6. Hak Mendapatkan Bantuan Hukum


UU SPPA memperbolehkan anak yang terlibat dalam tindak pidana untuk
mendapatkan bantuan hukum tanpa mempermasalahkan jenis tindak pidana telah
dilakukan.
Anak berhak mendapatkan bantuan hukum di setiap tahapan pemeriksaan,
baik dalam tahap penyelidikan, penyidikan, penuntutan, maupun tahap pemeriksaan
di pengadilan (Pasal 23 UU SPPA). Anak Saksi/Anak Korban wajib didampingi
oleh orang tua/Wali, orang yang dipercaya oleh anak, atau pekerja sosial dalam
setiap tahapan pemeriksaan. Akan tetapi, jika orang tua dari anak tersebut adalah
pelaku tindak pidana, maka orang tua/Walinya tidak wajib mendampingi (Pasal 23
Ayat (3) UU SPPA).

7. Lembaga Pemasyarakatan
Dalam Pasal 86 ayat (1) UU SPPA, anak yang belum selesai menjalani
pidana di Lembaga Pembinaan Khusus Anak (LPKA) dan telah mencapai umur
18 (delapan belas) tahun dipindahkan ke lembaga pemasyarakatan pemuda.

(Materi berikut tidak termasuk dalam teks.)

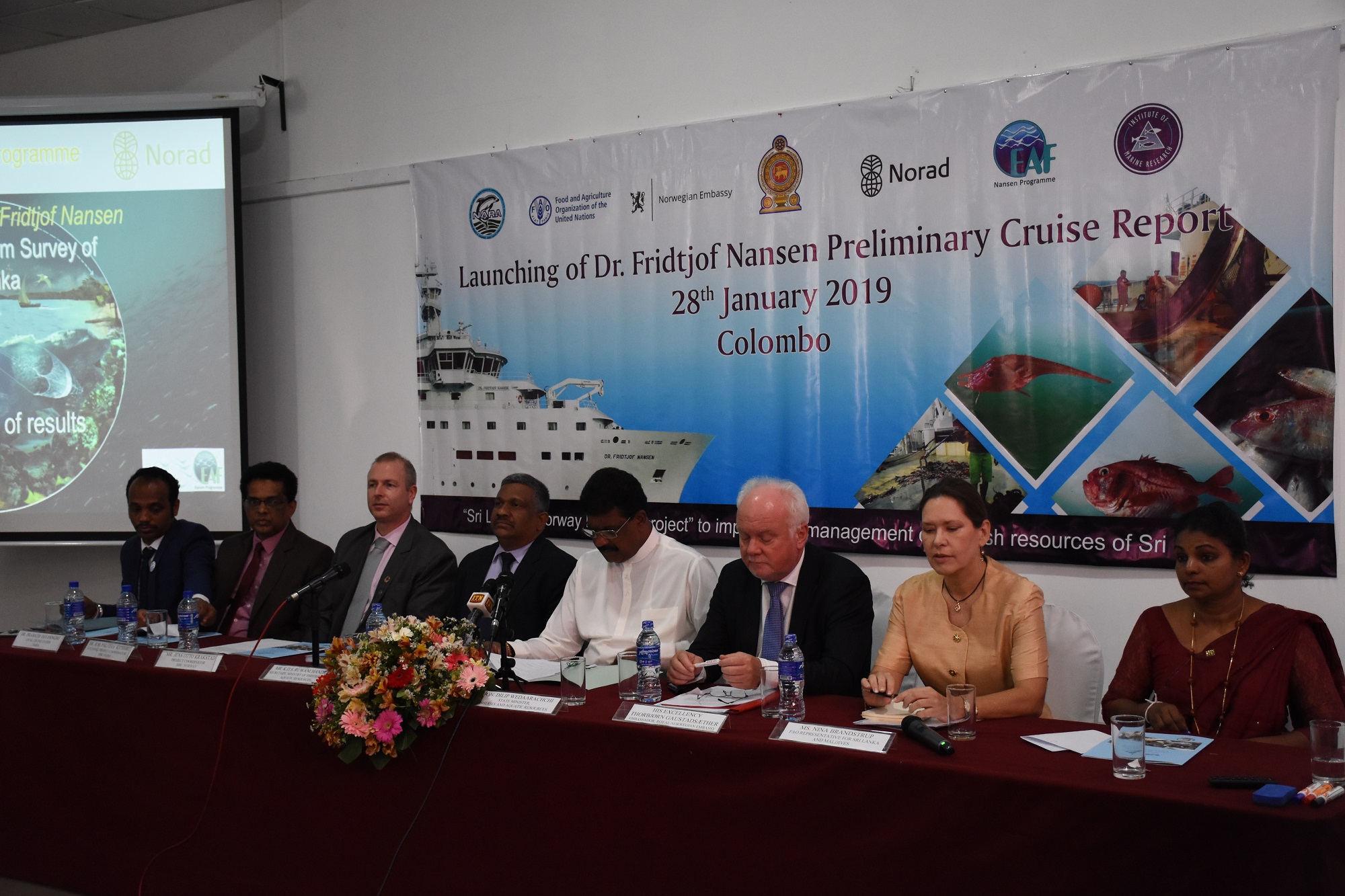 An event was organized on 28 January 2018 in Colombo, Sri Lanka, to launch the main research findings of the survey carried out by the Norwegian Research Vessel Dr. Fridtjof Nansen in Sri Lanka during the past year.

Pengaturan tersebut tidak ada dalam Pasal 61 UU Pengadilan Anak.
Walaupun demikian, baik UU SPPA dan UU Pengadilan Anak sama-sama
mengatur bahwa penempatan anak di Lembaga Pemasyarakatan dilakukan dengan
menyediakan blok tertentu bagi mereka yang telah mencapai umur 18 (delapan
belas) tahun sampai 21 (dua puluh satu) tahun (Penjelasan Pasal 86 ayat (2) UU
SPPA dan Penjelasan Pasal 61 ayat (2) UU Pengadilan Anak).